So, as well as being easier to administer, a single big server ought to work out cheaper than lots of discrete little servers (no guarantees, no money back!). Make sure you buy the biggest, fastest chips you can and as much RAM as you have free slots. Those are things which give you better performance without affecting your licensing costs.
Consider the Partitioning option, if you can afford it. This will address your concerns regarding backup and recovery, because each partition can have its own tablespace. So (given partitioning by client_id) it becomes possible to backup or restore an individual client's data without affecting the other clients. We can even export and import individual partitions. I'm surprised by David's observation that Partition pruning didn't work with VPD. But I haven't tried this combo, so I'll take his word for it.

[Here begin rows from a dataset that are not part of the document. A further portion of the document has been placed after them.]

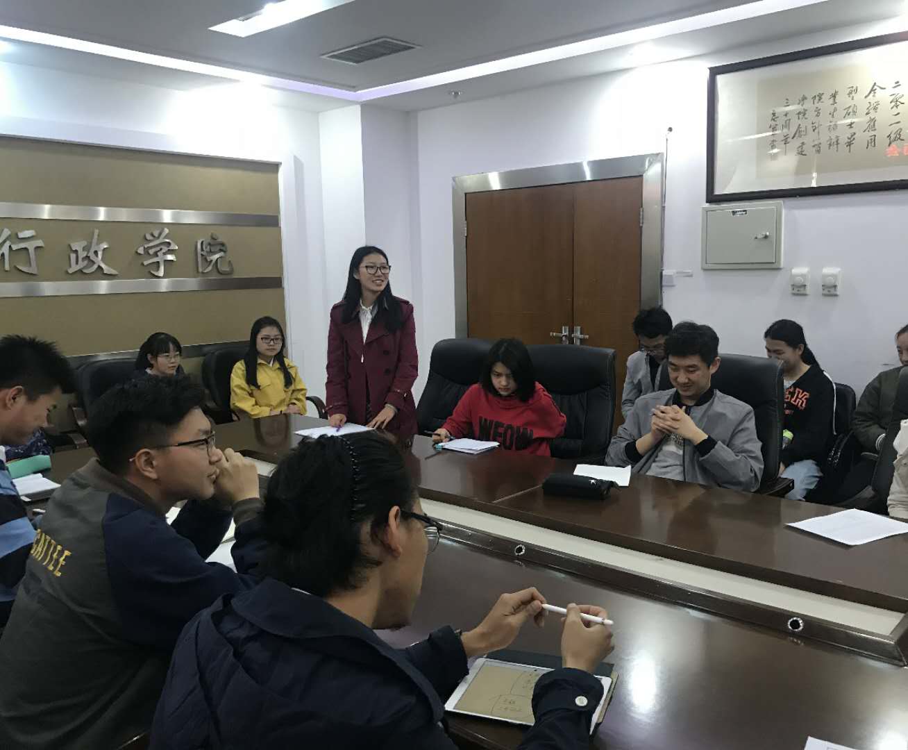 4月23日中午,我院081701班级全体师生在中心校区东荣大厦1214会议室召开了第三次班主任见面会。081701班本科生指导教师(班主任)、院长张贤明教授和薛洁教授参加了本次见面会。本次见面会由班长孟从华同学主持。
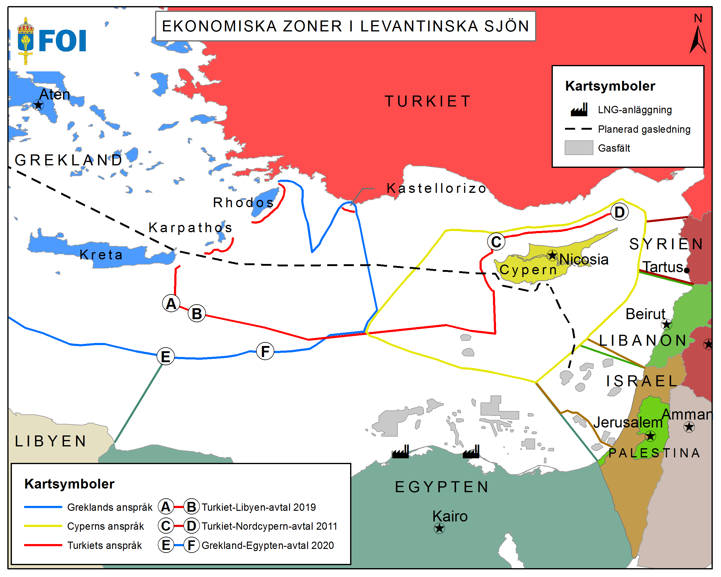 Ekonomiska zoner i Levantiska sjön. Design: Per Wikström, FOI
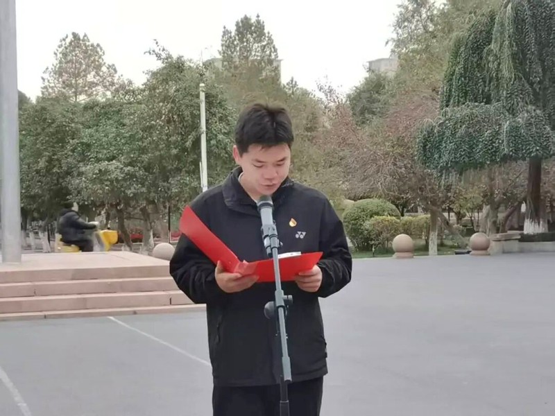 当《义勇军进行曲》的激昂旋律奏响,全体师生肃立注目。五星红旗迎着朝阳冉冉升起,随风舒展——这抹红,镌刻着中华民族的百年奋斗,也映照着新疆70年从百废待兴到百业兴旺的沧桑巨变。国歌声中,师生们眼神里满是对祖国的热爱、对这片土地的深情。
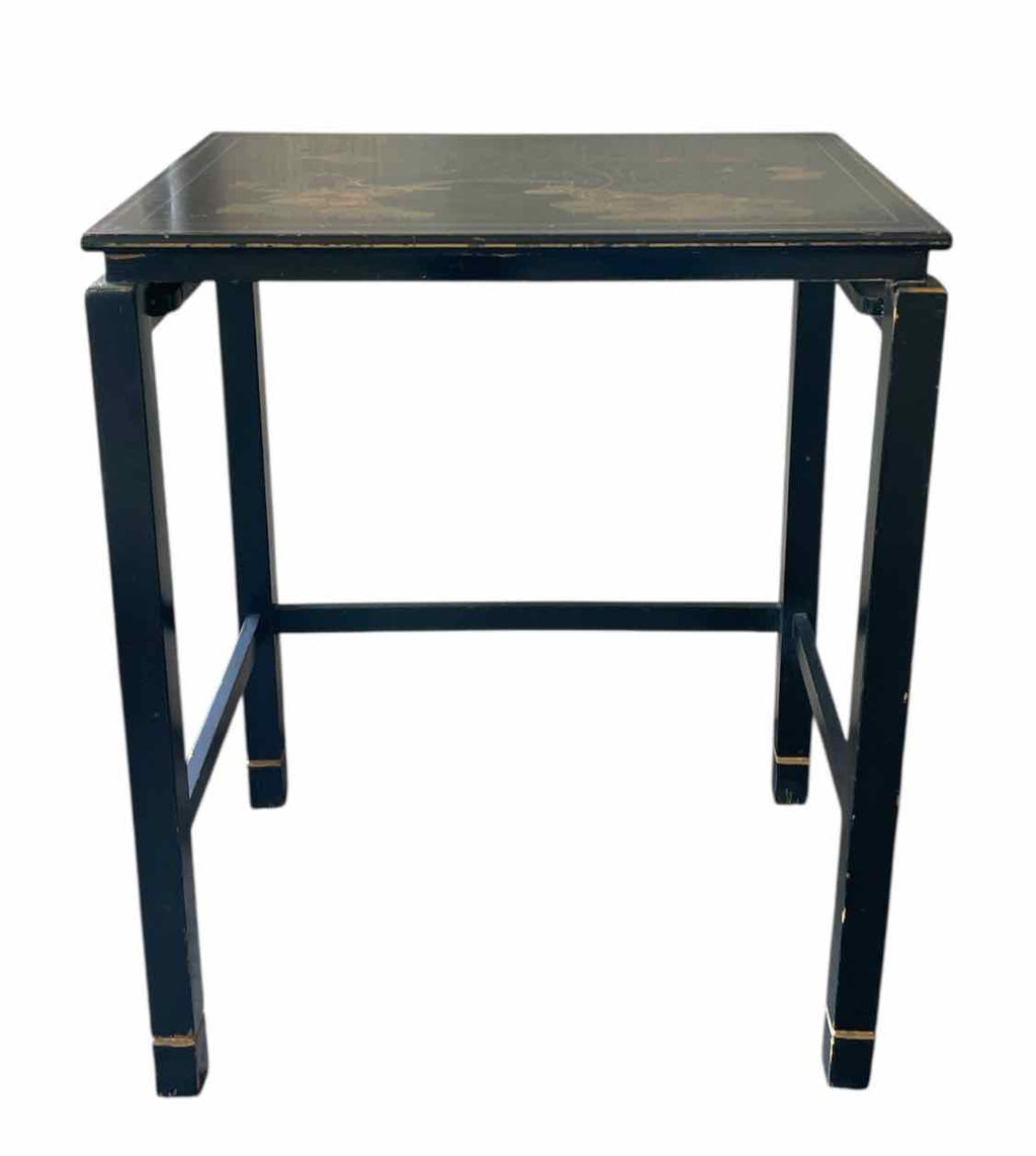Black End Table w/ Oriental Style Painting - 25.5" Tall x 21" Wide x 15" Deep
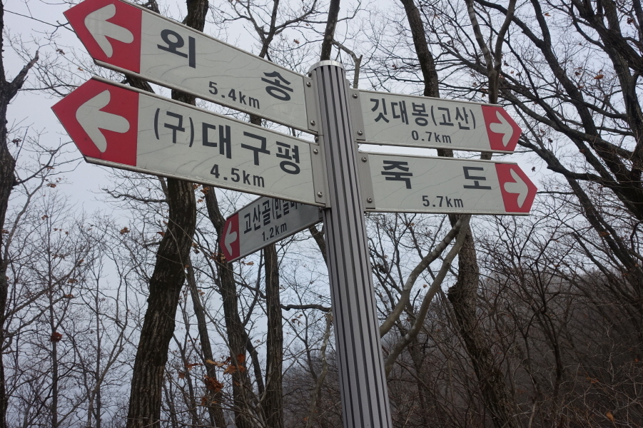 인증사진 남기고 좌향 이정표(외송6.1km) 방향 내리막길을 따라 내려간다. 내려갔다가 다시 올라가면 (12;04)헬기장(약4분)이 나오고, 직.우측으로 방향을 틀어 내려가면 (12;07)첫 번째 고산골 갈림길이정표( 외송 5.4km/<구>대구평 4.5km/ 고산골 1.2km/ 깃대봉<고산> 0.7km/ 죽도 5.7km)가 서있다.
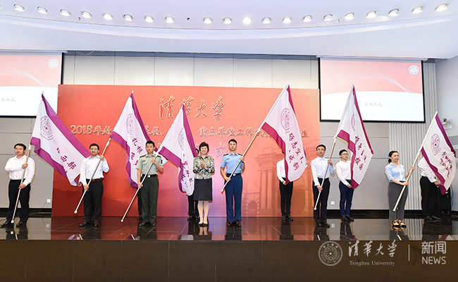 在随后举行的出征仪式上,陈旭将六面分别写有“奔赴西部,燃烧激情”“扎根基层,放飞梦想”“携笔从戎,铸我长城”“砺志空天,百炼成钢”“投身主流,青春报国”“创新创业,乘风破浪”的旗帜分别授予即将前往西部、基层、部队、航天部门、重点单位工作及创业的毕业生代表。

The one thing you might lose from consolidation is the ability to support different clients on different versions of your application. However, this is not necessarily a bad thing. As you observe, maintaining several hundred customers will be a lot easier if you forgo individualised versions of the application. If you do need to offer some bespoke features - even if you just want to beta test some functionality with an individual client - then have a look at Edition-Based Redefinition in 11gR2: it is a really nifty feature. Also it is available for all Oracle licenses, not just Enterprise.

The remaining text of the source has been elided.